From: C.J. Adams-Collier KF7BMP
Subject: Re: [Sks-devel] new keyserver online
Date: Sun, 22 Aug 2010 07:43:15 -0700

No offense intended.  However, this is actually slightly more than zero indication that the key belongs to you.  The only indication you have given is that you have control over the email address listed in the pubkey.  My friends very often have their email accounts hacked and I receive mail from spammers pretending to be them.  The fact that you refuse to prove that you own the private key is a strong indication that you do not own it.  Generating a signed message is as simple as this:

$ echo "I really do own the key" | gpg --clearsign

You need a passphrase to unlock the secret key for
user: "C.J. Adams-Collier <address@hidden>"
1024-bit DSA key, ID 176BE946, created 2008-03-02 (main key ID BA27A83C)

-----BEGIN PGP SIGNED MESSAGE-----
Hash: SHA256

I really do own the key
-----BEGIN PGP SIGNATURE-----
Version: GnuPG v1.4.10 (GNU/Linux)

iEYEAREIAAYFAkxxNs4ACgkQXKBS0hdr6UYcfwCcCpcwrtsIzJh979D+ELsmHqPc
J5oAnA6faHMKoI8OyR+EEO1cHblZNVtr
=muZK
-----END PGP SIGNATURE-----
Tada :)

On Sun, 2010-08-22 at 14:04 +0200, Christoph Anton Mitterer wrote:
Hey...

Oh my goodness...


Now listen:

On Sat, 2010-08-21 at 18:54 -0700, C.J. Adams-Collier KF7BMP wrote:
> No.  And I advise all others to avoid peering with you until you can
> prove that you own the private key that will be associated with the
> keyserver.
I was already willing to put some effort into giving you strong
indication, that my key belongs to the owner of my keyserver as you
wanted.

If I'm not missing something substantially (and I don't think so) there
is really nothing which you'd gain from this anyway.
If I send you some encrypted challenge or vice versa, you have neither a
proof that I'm actually "Christoph Anton Mitterer" but only that the
owner of that key has access to that email address (which an attacker
can have easily too, via MiM-attacks).

It neither proves you that the owner of that key is really the owner of
that keyserver, also because of easily possible MiM-attacks.

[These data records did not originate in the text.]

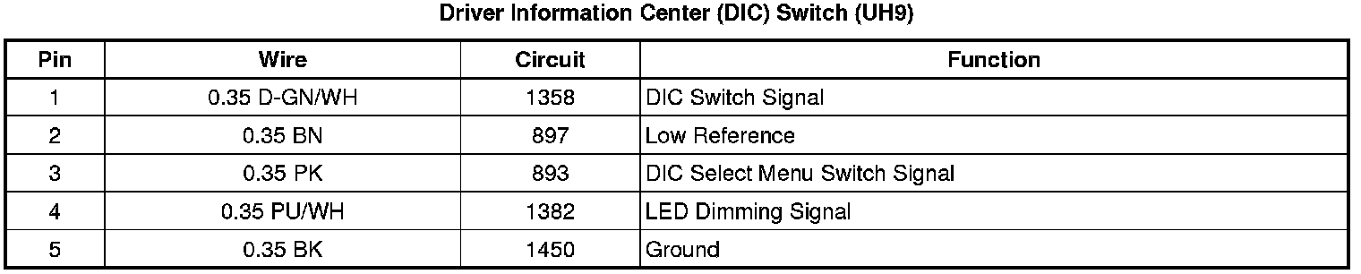 Driver Information Center (DIC) Switch (UH9)
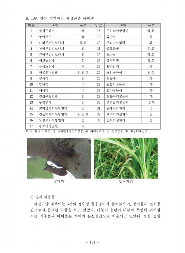 2017 백두대간보호지역 생태계 조사 묘적재 화방재 204 ? National Institute of Ecology 목명 과명 국명 학명 2017 2008 비고 딱정벌레목 딱정벌레과 민줄딱정벌레 Aulonocarabus Adelocarabus semiopacus 3 고유종,국외반출 승인대상 딱정벌레목 딱정벌레과 왕딱정벌레 Isiocarabus fiduciarius subsp. kirinicus 2 국외반출 승인대상 딱정벌레목 딱정벌레과 진홍단딱정벌레 Coptolabrus smaragdinus subsp. branickii 1 딱정벌레목 딱정벌레과 청진민줄딱정벌레 Aulonocarabus Adelocarabus seishinensis subsp. seishinensis 39 딱정벌레목 딱정벌레과...
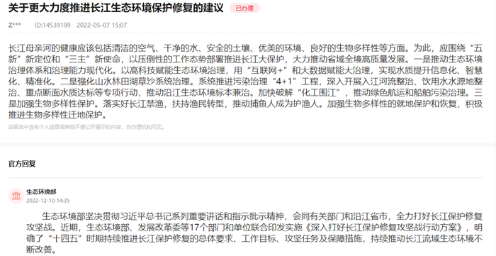为此,生态环境部回复留言表示,近年来,生态环境部会同有关部门和沿江省市,全力打好长江保护修复攻坚战。
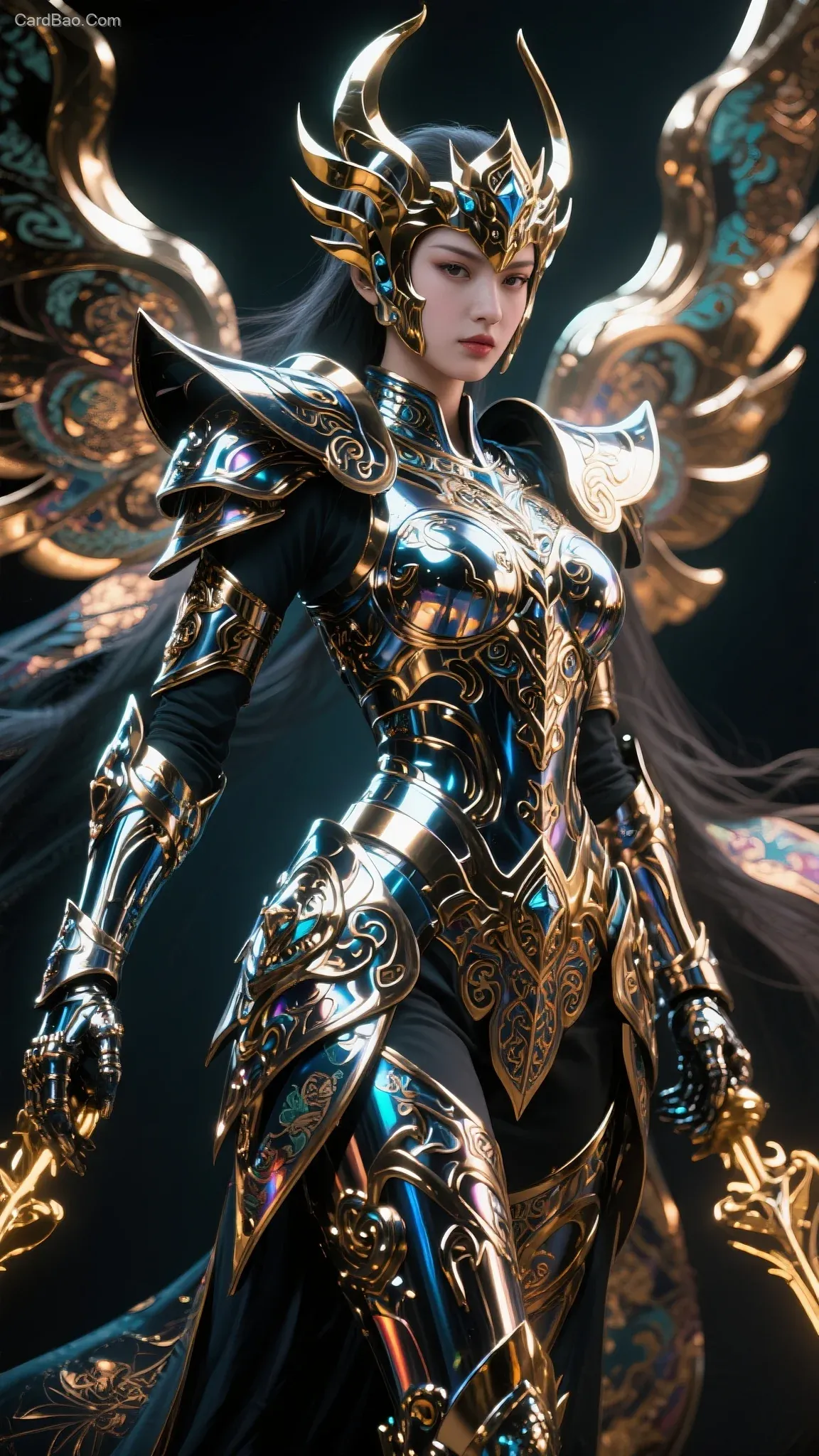 Chinese-style beauty, liquid metal armor, Athena's Sacred Cloth of the Specters attire, extremely intricate patterns and light-shadow effects. 1000000000K ultra HD.
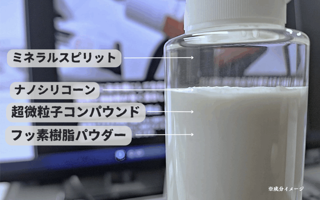 初缶を振らずに使い始めると、まずは上層にある溶剤や噴射剤が多く出てきてしまい、溶剤の成分が均一に混ざっていないため、仕上がりにばらつきやムラが出来やすくなります。
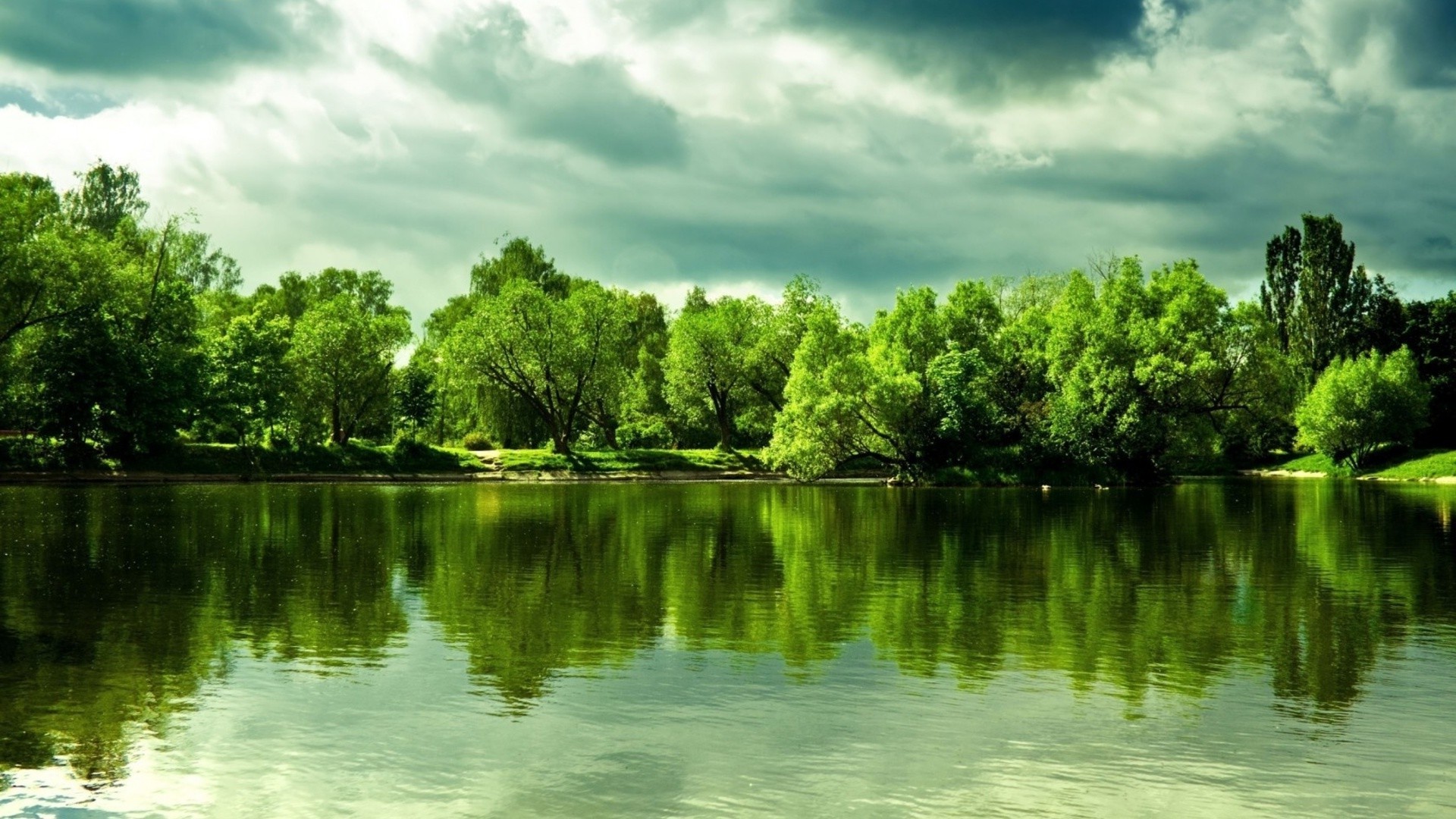 Riflesso della foresta verde nell'acqua stagnante dello stagno
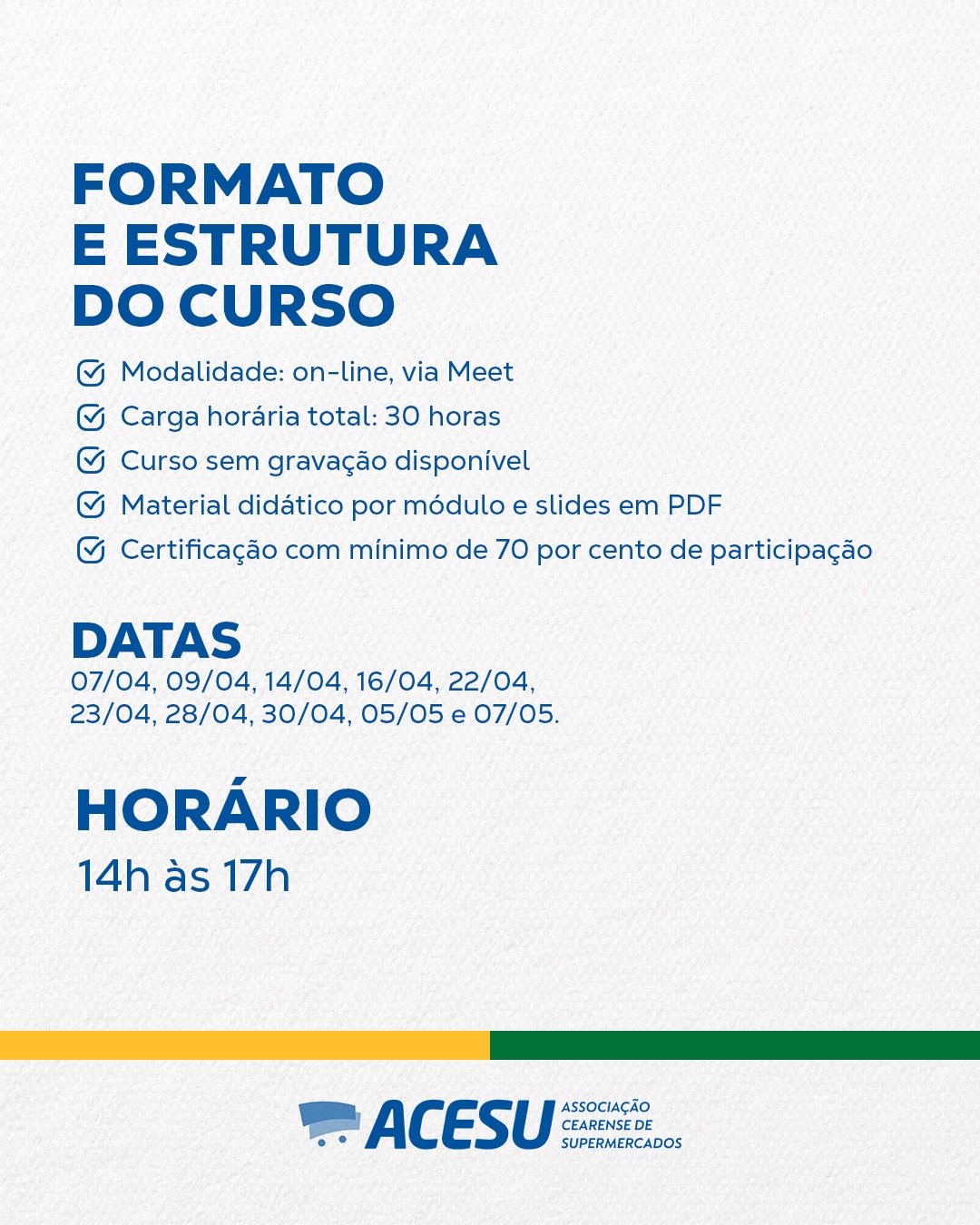 Datas e Horário das aulas – 07/04, 09/04, 14/04, 16/04, 22/04, 23/04, 28/04, 30/04, 05/05
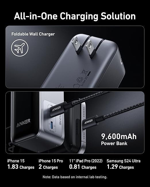 Anker Prime Power Bank, 9,600mAh Battery Pack with 65W Output, Built-in AC Plug, Supports PD 3.0 and PPS, 30W Fast Recharging, Sleek Portable Charger for MacBook Pro, iPhone 15 Series, Galaxy, iPad
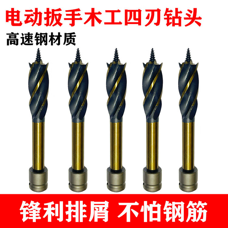 Electric wrench woodworking drill bit branch drill short four-slot drill twist drill template drill shelf board hole opener HSS high speed steel 16mm drill bit ultra short
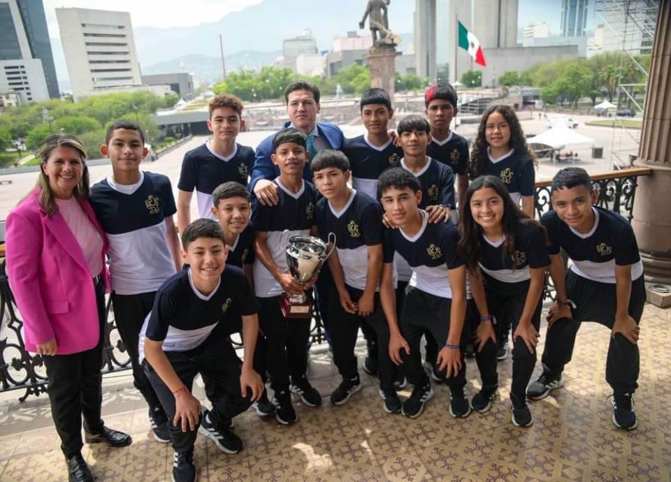 El gobernador Samuel García Sepúlveda recibió ayer a los niños campeones del torneo Desafío Mundial Madrid 2023, a quienes prometió becas, llevarlos a una pelea del “Canelo” Álvarez, y hasta un vehículo Tesla.

Obviously you're missing some fundamental parts of how cryptosystems
(and especially the keyserver infrastructure works).
The later is not secured anyway as you can understand from this thread:
http://www.imc.org/ietf-openpgp/mail-archive/msg30930.html


> http://apps.leg.wa.gov/rcw/default.aspx?cite="">
You might have noticed (e.g. using whois on my IP addresses) that I'm
not living in the state of Washington and not even in the US.
I show's quite some arrogance that you seem to have the impression, that
this law or whatever it is, might have some effect in Europe or Germany.

Apart from the fact, that it seems to be about "licensed certificate
authorities".
No keyserver is a CA...


So next time before making any "unpolite" public statements, please
think twice,.. (or better three times).


Cheers,
Chris.

btw: Of course you're still free to decide with which keyserver you want
to peer, which I did now.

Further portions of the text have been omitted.